### Collected data
■ ■ ■ ■ ■

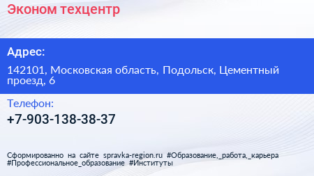 Эконом, техцентр по адресу 142101, Московская область, Подольск, Цементный проезд, 6 в дальнейшем Организация, размещена в следующих категориях:
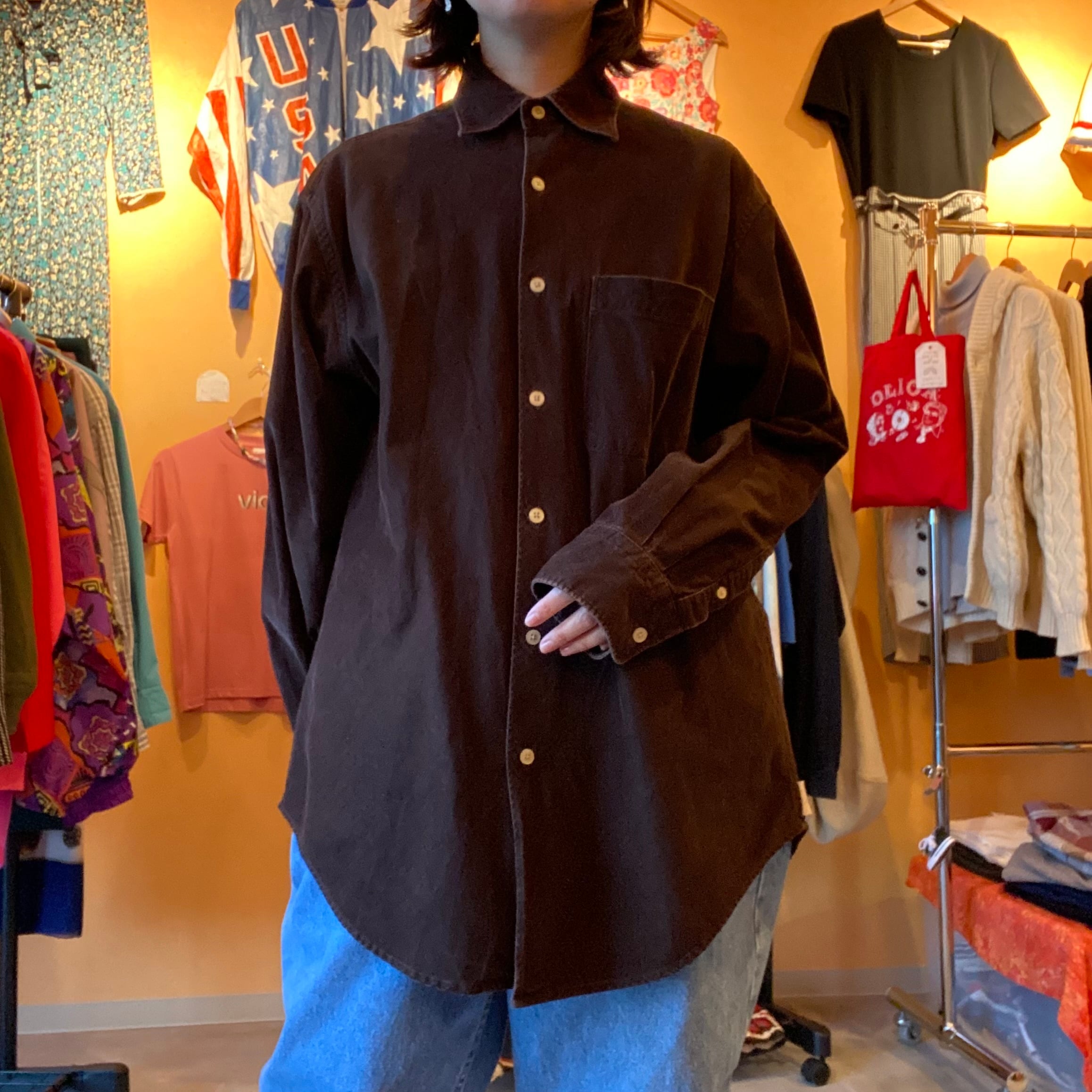 "NAUTICA" ブラウン コーデュロイ ロングスリーブ シャツ
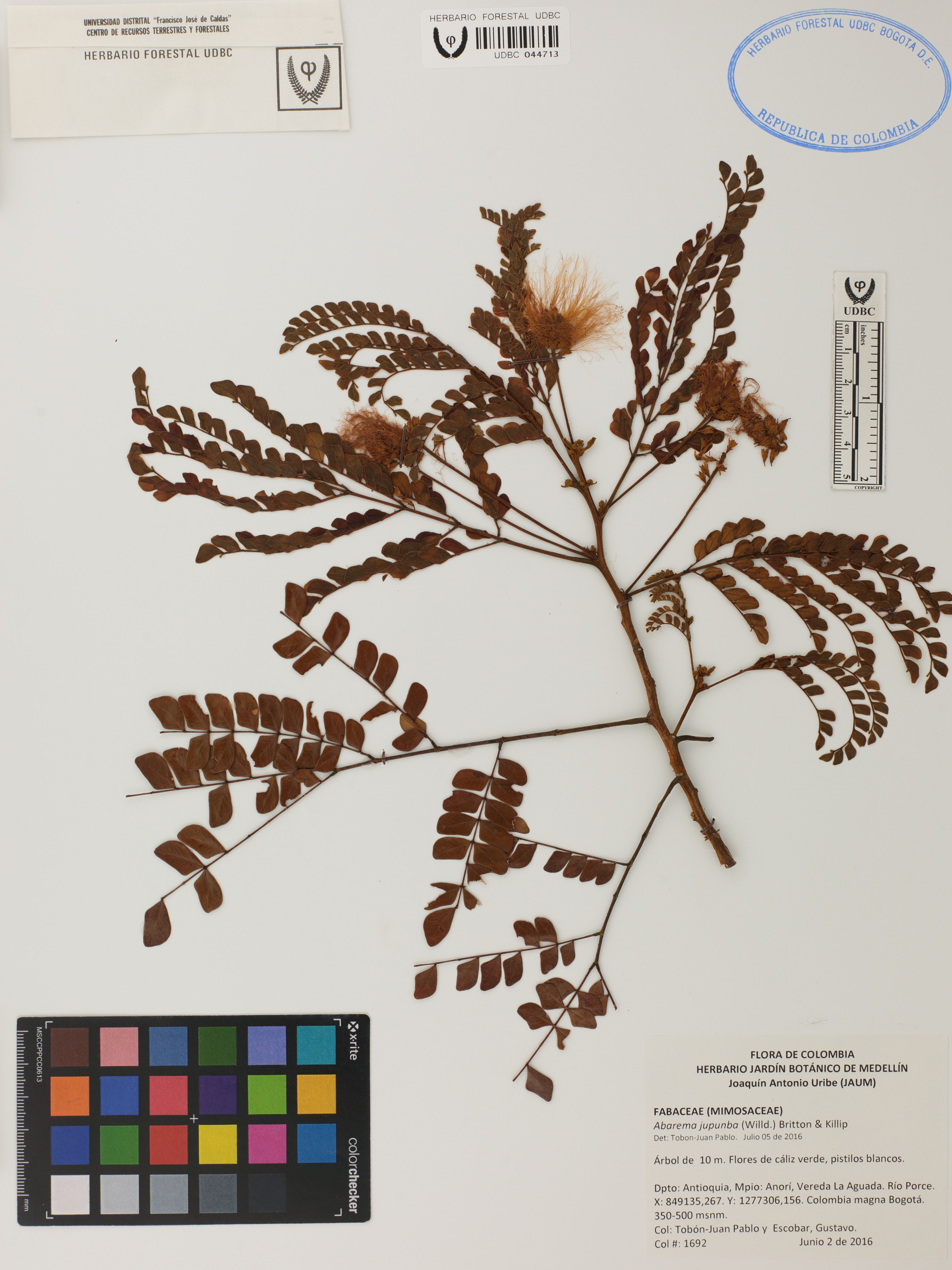 Fotografía del ejemplar Tobón-Agudelo, J. 1692, determinado como Abarema jupunba en el año 2016
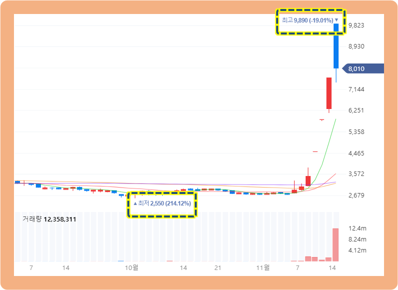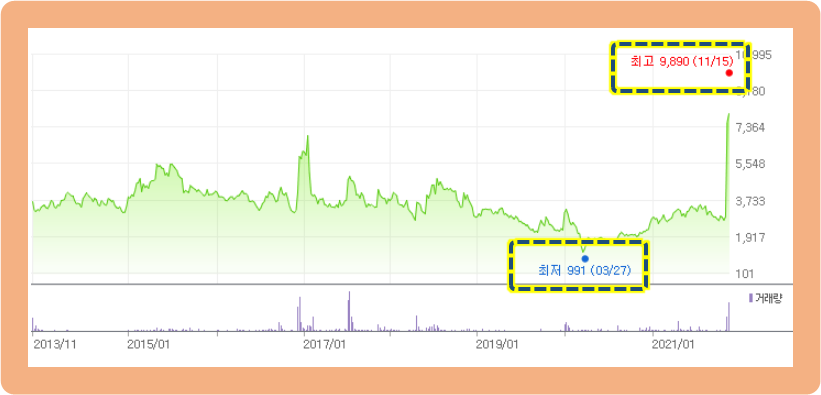 그리고 쩜상을 보이는 등 급격한 상승세가 지속되면서, 2021년 11월 15일에는 주가가 최고 9,890원까지 터치해버렸죠.
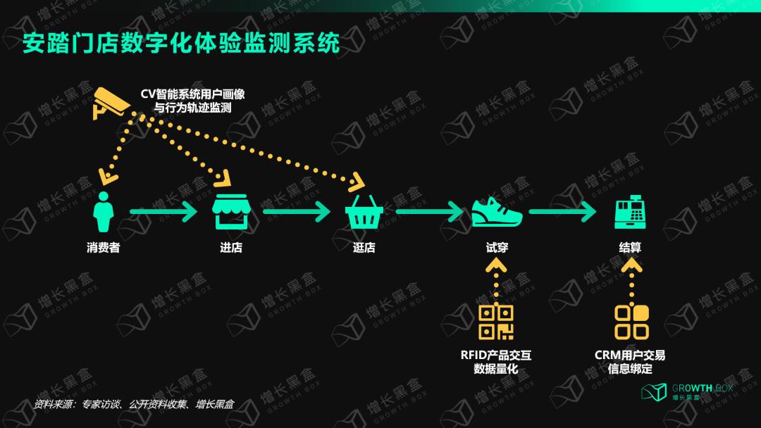 安踏线下门店根据用户体验旅程,从消费者进店→逛店→试穿→结算等触点进行全链路监测,以此来细化数据颗粒度,精准量化消费者行为数据,指导门店运营布局快速调整,提升门店经营效率。
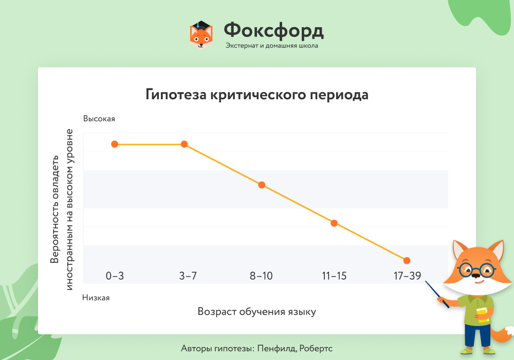 До семи лет легче всего овладеть иностранным языком на высоком уровне. После способности к изучению снижаются из-за изменений в мозгу ребёнка. Кроме того, мышцам артикуляционного аппарата становится труднее перестроиться и начать воспроизводить непривычные звуки и интонации.
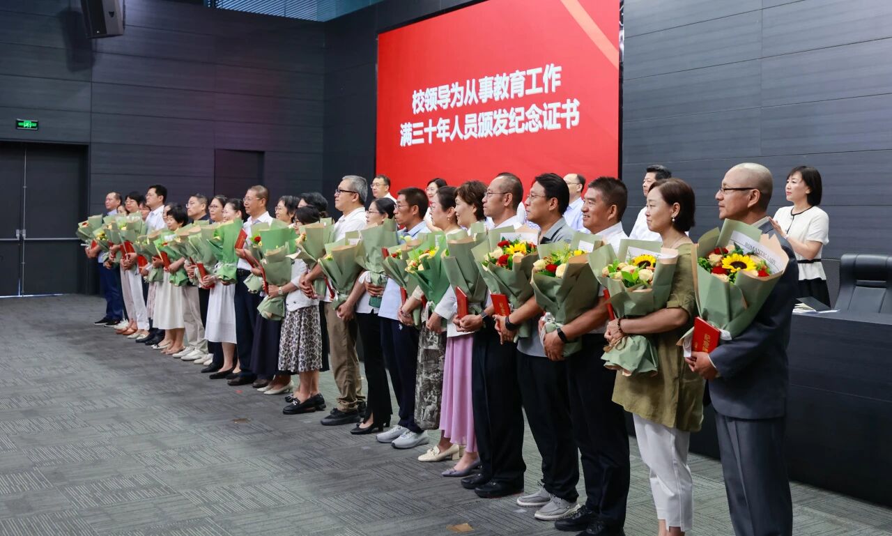 校领导为从教满三十年教师颁发纪念证书,青年教师向老教师致敬。三十年坚守初心,三十年立德树人,老师们将青春年华奉献给三尺讲台,用爱与责任为教育写下最质朴、最动人的注脚。青年教师接过立德树人的接力棒,让教育之光在天城大这方热土上接力耕耘,薪火相传。
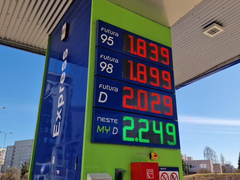 20 марта цены на эти виды топлива, как писал портал Tribuna.ee, были 1,839 евро за литр, 1,899 евро за литр и 2,029 евро за литр соответственно. Как раз тогда цена на дизель превысила отметку в 2 евро.
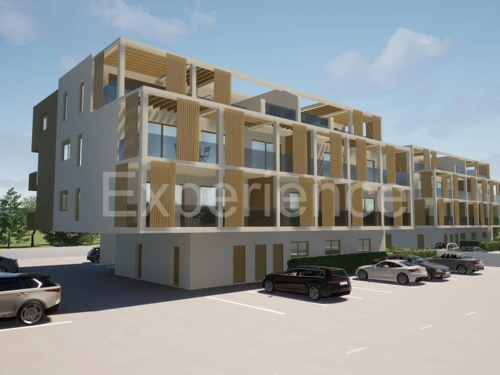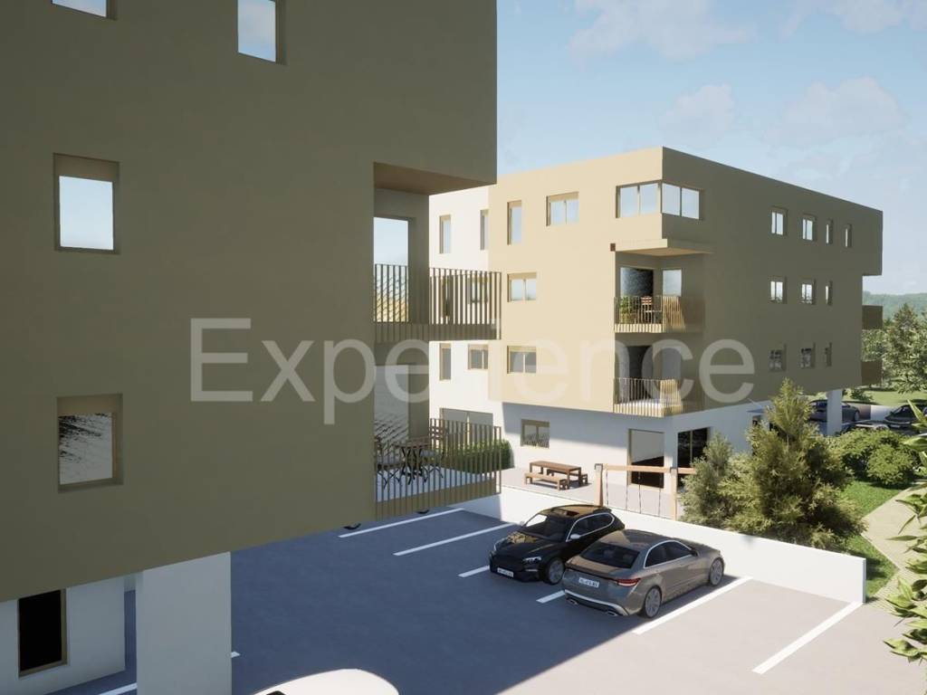 In Tar - cca. 2 km from the sea, in a quiet environment there is an flat under construction, surface of 61.99 m. The apartment is situated on the first floor of a residential building. Contains: entrance hall, an open and bright space where are situated a living room, kitchen and dining room with access to the covered terrace (6.18 m), two bedrooms and a bathroom. The apartment also has a storage room (2.80 m) on the ground floor of the building and 2 parking spaces.
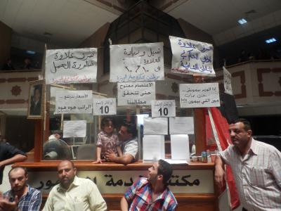 ورفع الموظفون عدداً من الشعارات في صالة قصر العدل الرئيسية منها "إذا الوزير لا يمون من الذي يمون!!".."الاسعار ترتفع..والراتب هو هو".."الاعتصام قائم حتى تتحقق مطالبنا".
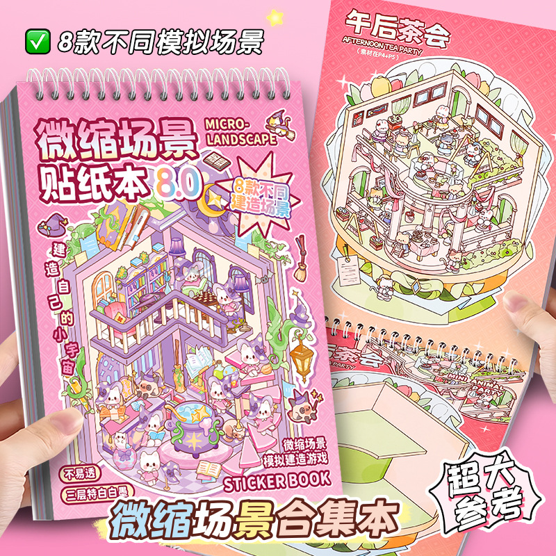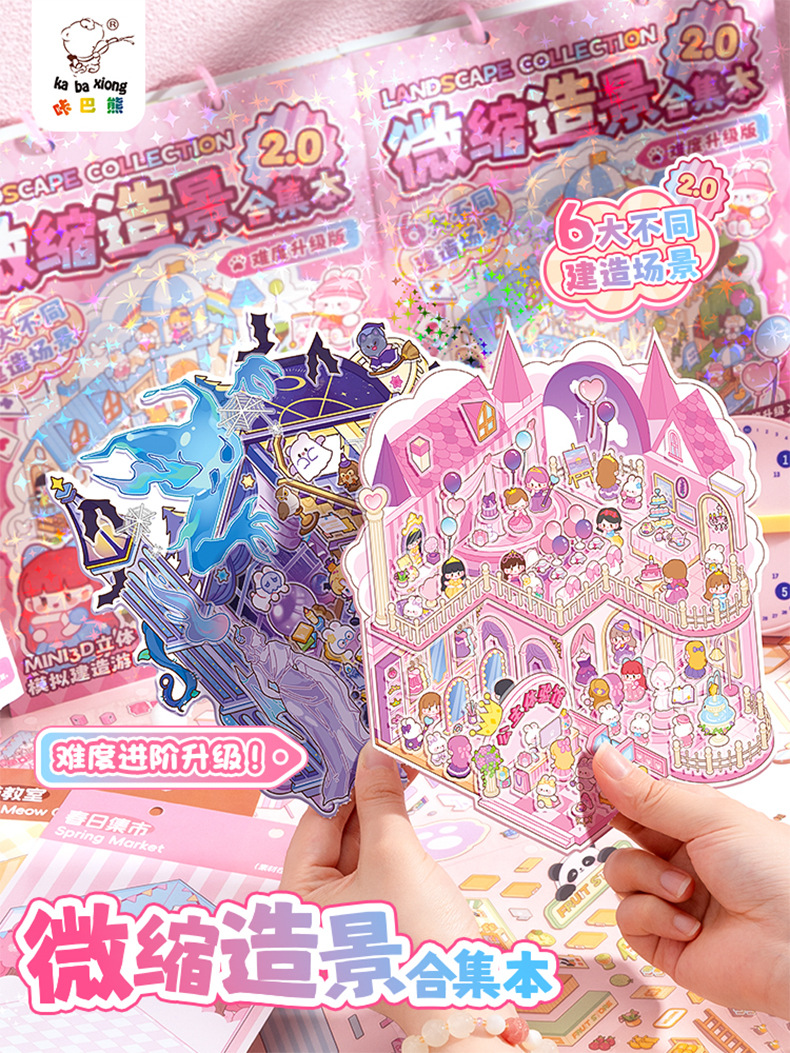 ミニチュア造景ステッカー本合集3d立体小屋ステッカー子供手作りシーンステッカー本タイル小図案

■ ■ ■ ■ ■

### WHAT TO PRODUCE
Extract, word for word, each line from the one that contains "In Tar - cca." through the final line of the data above. Leave the pictures out.

### OUTPUT OF THE EXERCISE
 In Tar - cca. 2 km from the sea, in a quiet environment there is an flat under construction, surface of 61.99 m. The apartment is situated on the first floor of a residential building. Contains: entrance hall, an open and bright space where are situated a living room, kitchen and dining room with access to the covered terrace (6.18 m), two bedrooms and a bathroom. The apartment also has a storage room (2.80 m) on the ground floor of the building and 2 parking spaces.
 ورفع الموظفون عدداً من الشعارات في صالة قصر العدل الرئيسية منها "إذا الوزير لا يمون من الذي يمون!!".."الاسعار ترتفع..والراتب هو هو".."الاعتصام قائم حتى تتحقق مطالبنا".
 ミニチュア造景ステッカー本合集3d立体小屋ステッカー子供手作りシーンステッカー本タイル小図案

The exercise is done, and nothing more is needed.